* Data shown:
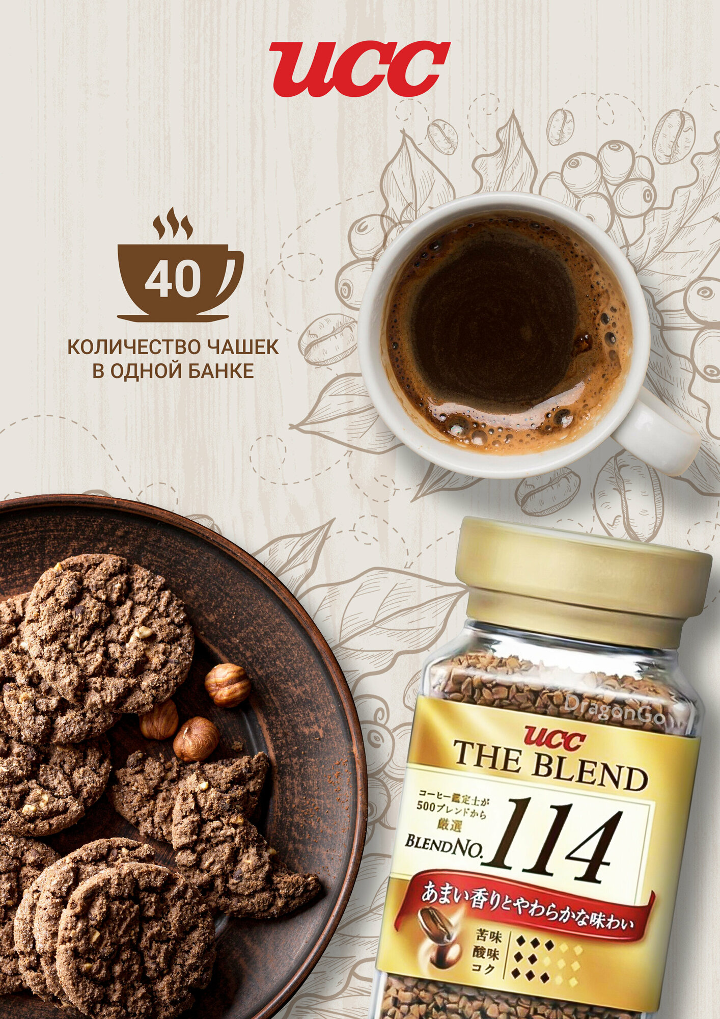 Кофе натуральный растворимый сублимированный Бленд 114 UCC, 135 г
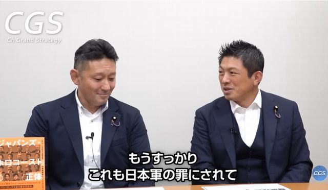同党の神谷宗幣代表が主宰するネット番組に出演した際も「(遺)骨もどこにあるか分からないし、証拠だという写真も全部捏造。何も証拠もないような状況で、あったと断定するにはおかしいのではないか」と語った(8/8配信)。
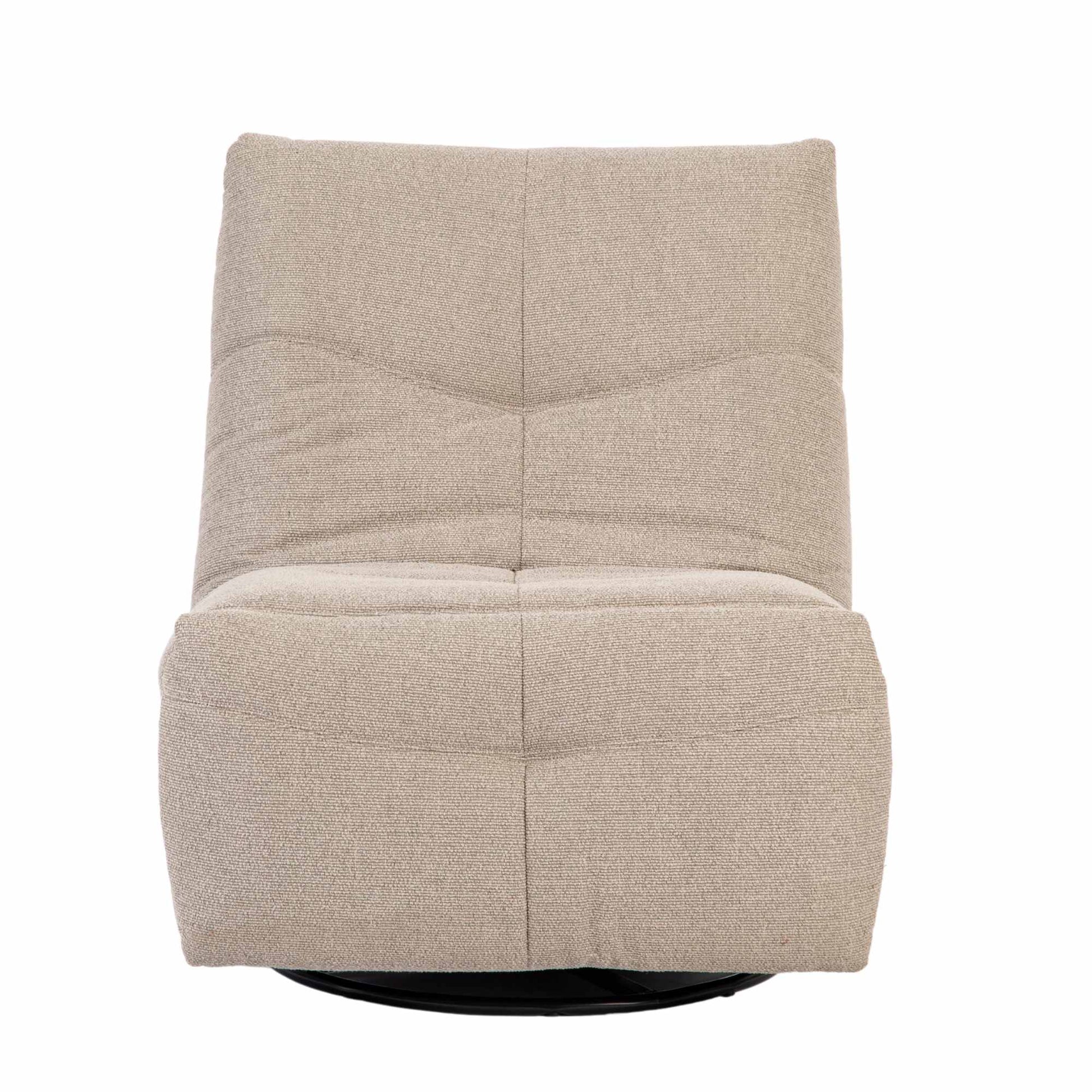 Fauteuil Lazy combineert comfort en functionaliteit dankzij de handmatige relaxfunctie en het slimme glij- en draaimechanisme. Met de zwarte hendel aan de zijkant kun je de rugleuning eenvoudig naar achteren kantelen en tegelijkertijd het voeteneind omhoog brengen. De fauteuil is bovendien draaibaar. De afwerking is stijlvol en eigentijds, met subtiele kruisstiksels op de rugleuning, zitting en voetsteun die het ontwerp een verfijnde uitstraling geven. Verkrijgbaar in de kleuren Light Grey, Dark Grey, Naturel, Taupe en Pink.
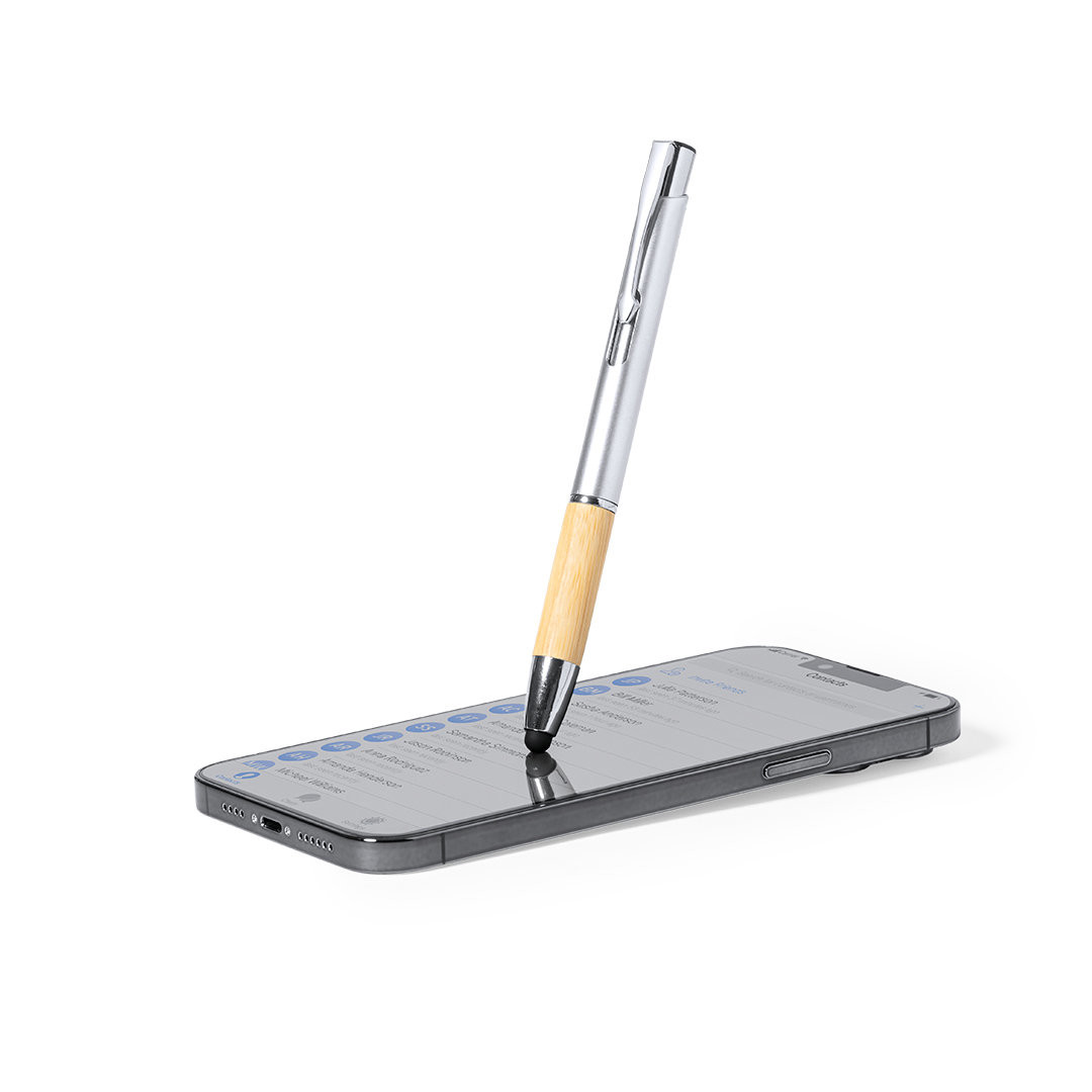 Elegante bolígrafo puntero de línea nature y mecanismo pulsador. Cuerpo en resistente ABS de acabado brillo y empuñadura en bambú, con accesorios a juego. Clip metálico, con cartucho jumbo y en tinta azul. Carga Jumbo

* Exercise directions: Pictures are to be left out; the listing above is otherwise to be copied exactly.

* Answer box:
 Кофе натуральный растворимый сублимированный Бленд 114 UCC, 135 г
同党の神谷宗幣代表が主宰するネット番組に出演した際も「(遺)骨もどこにあるか分からないし、証拠だという写真も全部捏造。何も証拠もないような状況で、あったと断定するにはおかしいのではないか」と語った(8/8配信)。
 Fauteuil Lazy combineert comfort en functionaliteit dankzij de handmatige relaxfunctie en het slimme glij- en draaimechanisme. Met de zwarte hendel aan de zijkant kun je de rugleuning eenvoudig naar achteren kantelen en tegelijkertijd het voeteneind omhoog brengen. De fauteuil is bovendien draaibaar. De afwerking is stijlvol en eigentijds, met subtiele kruisstiksels op de rugleuning, zitting en voetsteun die het ontwerp een verfijnde uitstraling geven. Verkrijgbaar in de kleuren Light Grey, Dark Grey, Naturel, Taupe en Pink.
 Elegante bolígrafo puntero de línea nature y mecanismo pulsador. Cuerpo en resistente ABS de acabado brillo y empuñadura en bambú, con accesorios a juego. Clip metálico, con cartucho jumbo y en tinta azul. Carga Jumbo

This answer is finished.